Here's two pics of my 7x70 cigar from Panama.


----------



## Richterscale (Jan 8, 2011)

lol nice.. how does it smoke? heh


----------



## feverishweasel (Mar 22, 2011)

wow, to quote what a girl told me once, "My jaw would hurt if I put my mouth around that"


----------



## sckfck (Mar 17, 2011)

WOW!


----------



## TonyBrooklyn (Jan 28, 2010)

It gives new meaning to the term Jawbreaker!


----------



## jneely (Aug 17, 2009)

Spectacular! Huge fan of the large ring gauges (and that's the definition of large ring gauge)


----------



## bigslowrock (May 9, 2010)

do you use that to start a camp fire?


----------



## Puros del Istmo de Panama (Dec 2, 2008)

Smokes great. Of course, lots of smoke. Should not be smoked while driving. A medium to full cigar. Original blend was full flavor. 
Filler and binder from Panama with Sumatra or Conn. wrapper from Nicaragua.


----------



## Zogg (Aug 31, 2010)

psh...

the puros indios is 18 inches XD


----------



## sckfck (Mar 17, 2011)

wow... thats ridiculous


----------



## Bunker (Jul 20, 2010)

I think Veeral needs one, he has already smoked an DE Egg :faint:


----------



## Deefuzz (Mar 25, 2011)

Wow. That has to be one of the biggest I have ever seen.

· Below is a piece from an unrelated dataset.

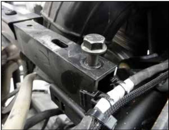
12. Remove the two large frame bolts that sit just to the left and right of the factory air filter housing. These bolts will be reused in a latter step.
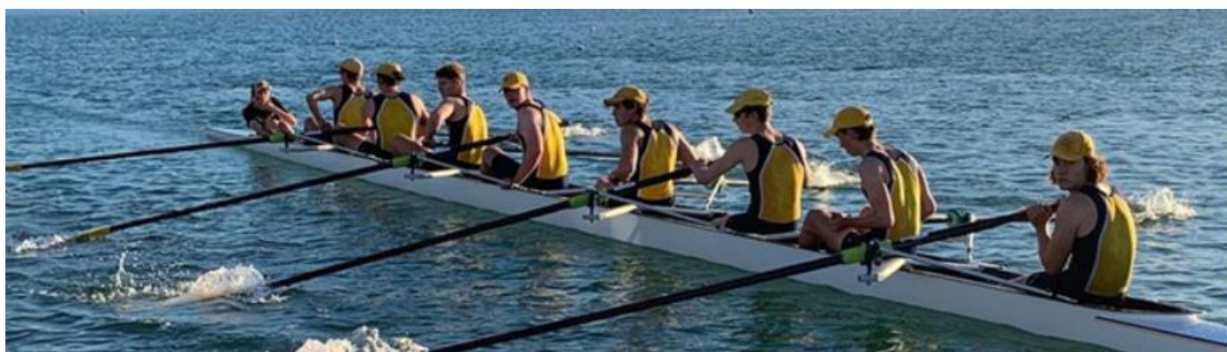
Scotch College SB 1 st 8+, SA State Championships, 2020

Well that one and the picture that Zogg posted up above


----------



## Zogg (Aug 31, 2010)

its a puros indios CHIEF, my friend's smoked one before (took 4.5 hours or so apparently)

they're $20-30, and you can actually find em relatively easily.

I'll have to find the pic of him smoking it.. he got a job working at a tobacco shop and that's their initiation thing for new people.. gotta smoke a chief!


----------



## l330n (Mar 24, 2011)

WOAH!


----------